Merger or not, airlines don't switch people around unless badly necessary (IRROPS -- weather, plane mechanical failure etc). If they cancel the route entirely it's a different story but such radical changes rarely happen this fast.


Short answer: nearly no effect on the service.

For some cases, airlines merge means that only 1 airline brand exists. United & Continental, American and US airways are the examples. The aircraft, reservation and all others things are combined into same brand names.

On the other hand, some airlines will keep the subsidiaries' brand even when they totally take over another airlines, like Dragon Air (Cathay's subsidiary), IAG group (Parent company of BA & Iberia) and Air France-KLM. Although they have different brand name but they may combine their reserve system and other equipment, they may also codeshare their flight.

As the CEO of IAG said in May "Aer Lingus would maintain control of its brand and operation while gaining strength as part of a profitable and sustainable airline group in an industry that’s consolidating", Aer Lingus will maintain its own brandname even after it has been takeovered. Moreover, the part of the deal between IAG and Irsh government (25% Aer Lingus share) required not to decrease services between London and Ireland + North Ireland and increase transatlantic services.

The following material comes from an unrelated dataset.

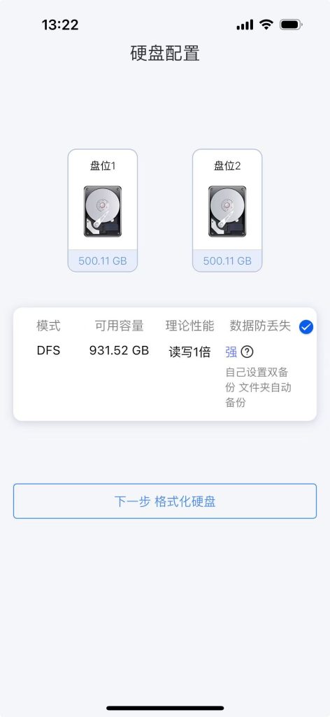 DFS模式:需插入2块硬盘、容量可不一致。DFS说明:用户自行对重要目录在APP中设置“双备份”。仅双备份用户设置的目录。DFS相比Raid1模式的全量双备份,既满足重要数据的安全需求,又能让硬盘使用率最大化。

Given the fact that BA wont forgo Aer Lingus brandname, and they wont reduce Aer Lingus transatlantic services in near future, plus the fact that BA wont fly between Dulles-Dublin , the services wont be affected in the nearly future.

PS: British Airways is not in the process of buying Aer Lingus, IAG has already bought Aer Lingus (98.05% share)


British Airways is neither buying nor merging with Aer Lingus.

British Airways' parent holding company (a Spanish company called International Consolidated Airlines Group S.A. or IAG) has bought and delisted Aer Lingus. IAG already owns two other airlines (Iberia and Vueling) and is in the market for more, although this latest acquisition is going to take a lot of management time.

Your existing contractual arrangements with United and Aer Lingus will not be affected.

Ultimately, and subject to regulatory approval, IAG will be ending Aer Lingus's association with United and bringing it into their transatlantic joint business venture, which is a kind of cartel with American Airlines, British Airways, Iberia and Finnair, who coordinate prices and schedules on services between Europe and North America, and share their revenue. This will take at least a year because of major IT deficiencies at Aer Lingus and the complexity of the legal landscape. The Aer Lingus brand will be retained, indeed the plan is for a major expansion with Dublin being turned into a major transatlantic hub. Aer Lingus is not being subsumed by British Airways (nor by either of the other IAG-owned airlines).

However, to reiterate, although those codeshares on United will eventually disappear, this will not affect any existing tickets, save perhaps for making involuntary changes (where if anything you will have more options rather than fewer).